Akademik Veri Yönetim Sistemi
Journal of Thermal Analysis and Calorimetry, 2025 (SCI-Expanded, Scopus)
Absorption cooling systems provide sustainable solutions to make renewable potential energy sources, such as solar energy or biomass energy, usable. These systems operate with eco-friendly working fluids and offer a significant reduction in electricity consumption compared to vapor compression cooling technologies. Absorption cooling systems are classified into single-effect, double-effect, and triple-effect types, with triple-effect systems achieving the highest efficiency. Furthermore, in addition to these three groups, half-effect and quadruple-effect systems, which have been relatively less explored in the literature, have also been designed.
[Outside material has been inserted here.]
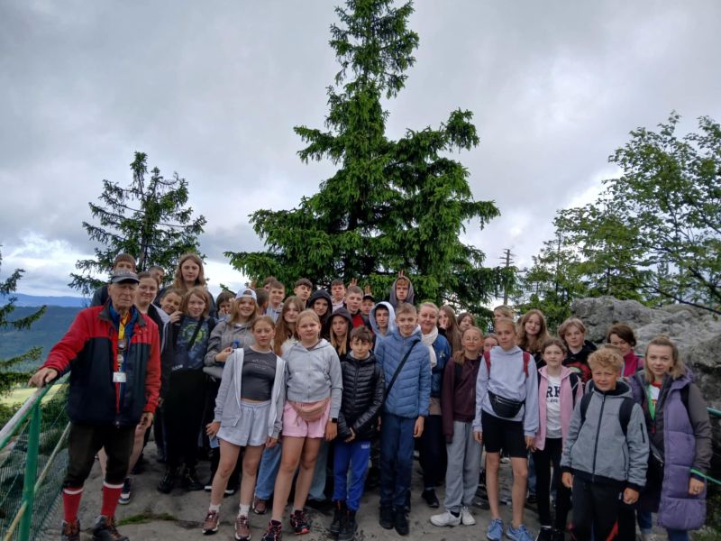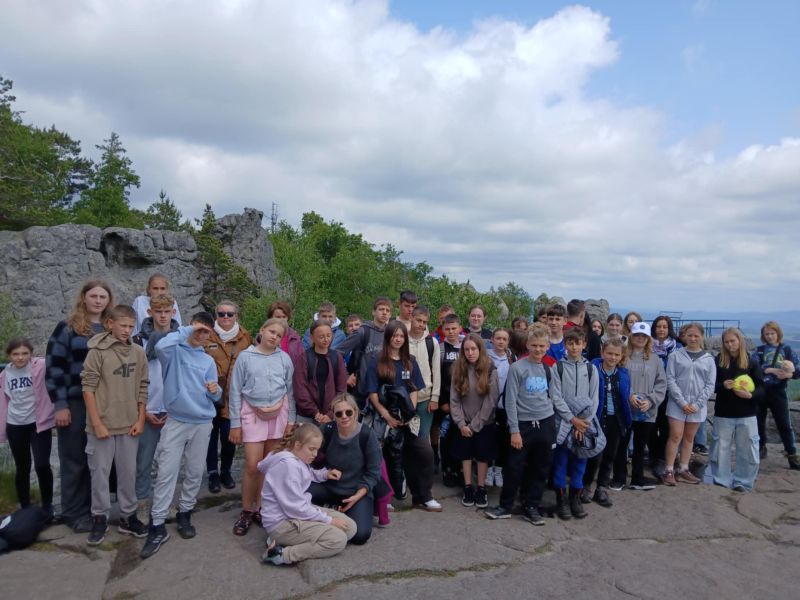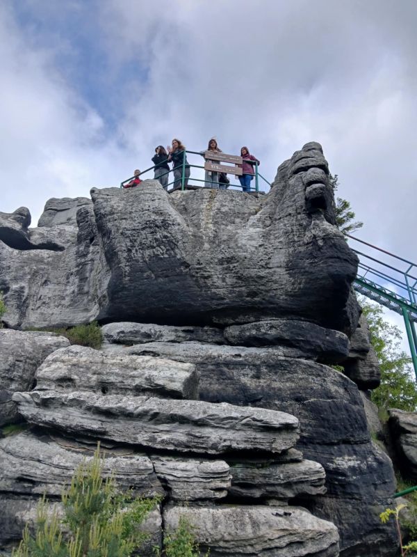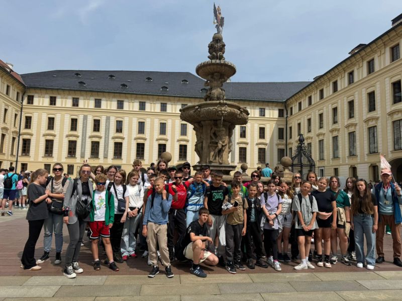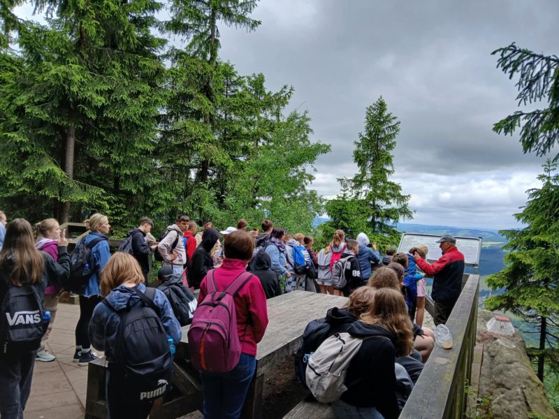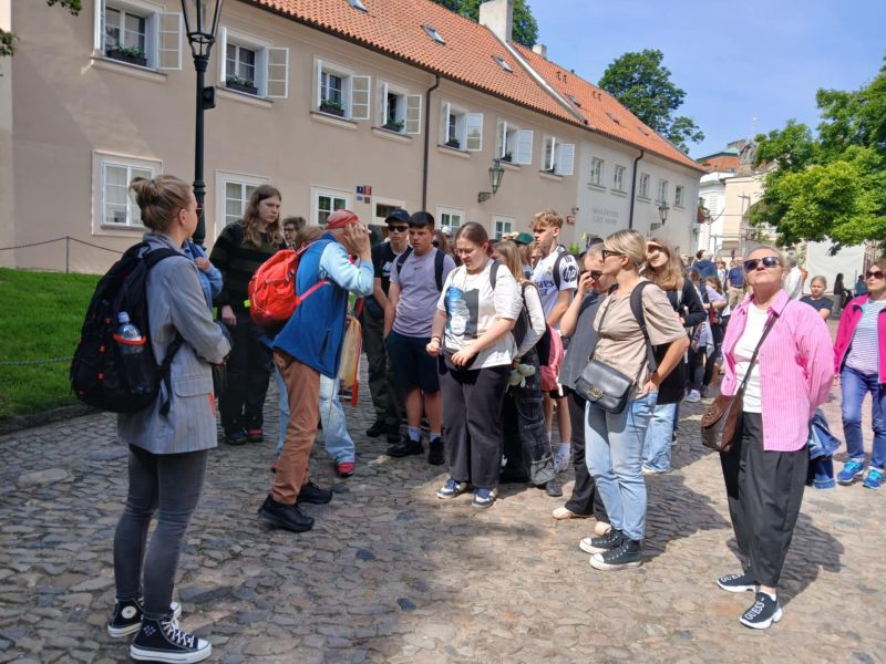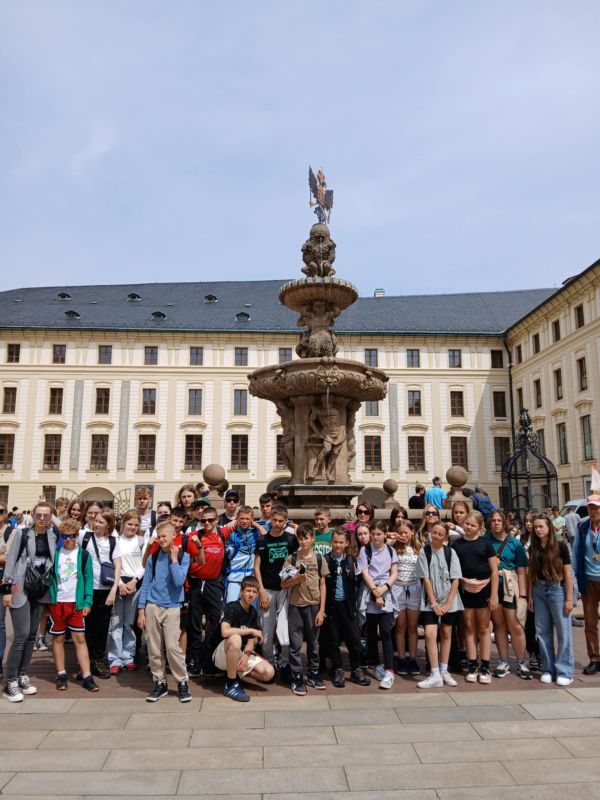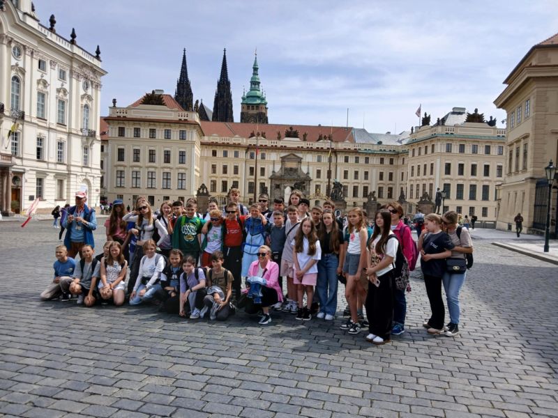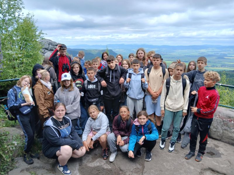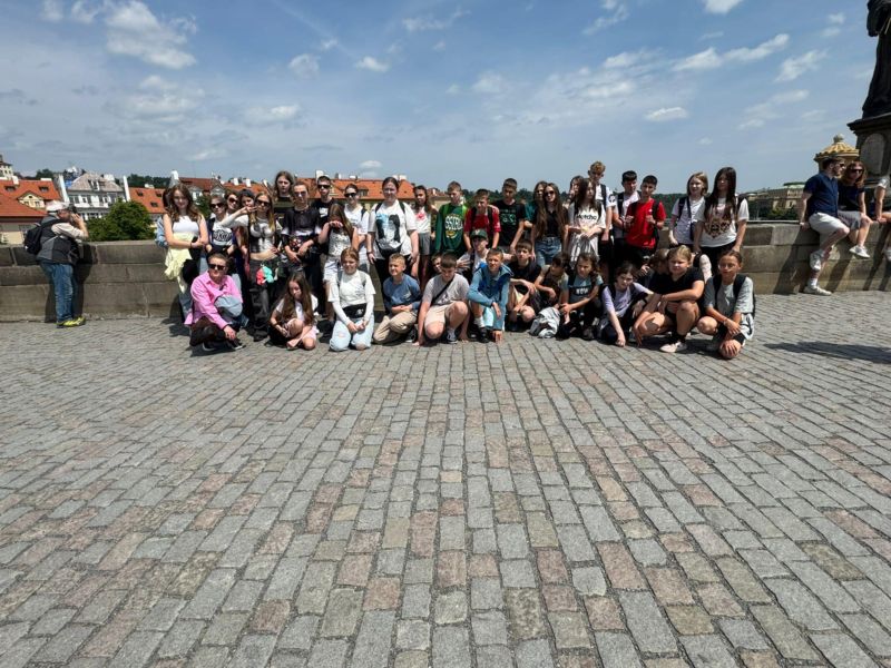 Po południu odwiedzili Polanicę Zdrój. Spacerowali po Parku Zdrojowym oraz deptaku, a następnie udali się na miejsce noclegowe w Kudowie Zdroju. Drugi dzień był bardzo intensywny, a rozpoczął się bardzo wczesnym śniadaniem. Po posiłku uczniowie udali się do stolicy Republiki Czeskiej - Pragi. Miasto przywitało młodzież piękną, słoneczną pogodą oraz mnóstwem ciekawych miejsc do zobaczenia. Nasz przewodnik przybliżył nam tradycje oraz historię tego cudownego miasta oraz pokazał takie znane miejsca jak: Most Karola, Katedrę Świętego Wita, Rynek Starego Miasta czy Praski Zegar Astronomiczny. Po intensywnym zwiedzaniu, uczniowie spróbowali czeskiej kuchni. Zmęczeni, ale zadowoleni wrócili do Kudowy. Ostatni dzień pozwolił na kontakt z naturą oraz podziwianie piękna górskich krajobrazów, ponieważ wspinaliśmy się w tym dniu na Błędne Skały oraz Szczeliniec Wielki. Wszystkim dopisywał dobry humor. Pomimo zmęczenia, w dobrych nastrojach, szczęśliwie wróciliśmy do domu.

However, the increased thermodynamic complexity and the larger number of components in triple-effect systems pose significant technical and economic challenges. This review systematically categorizes research on triple-effect absorption cooling systems into five key areas: studies on specific configurations, comparative analyses, investigations of different configurations, hybrid systems integrating other thermodynamic cycles, and experimental/commercial developments. The analysis highlights emerging trends, such as the integration of triple-effect systems with hybrid cycles (e.g., organic Rankine and Kalina cycles) to enhance energy efficiency, and identifies gaps in experimental validation and commercial deployment. By addressing these challenges and opportunities, this paper underscores the potential of triple-effect absorption systems to expand their role in high-efficiency cooling applications, particularly when combined with renewable and waste heat energy sources. Future research directions are suggested to promote broader adoption and commercialization of these systems.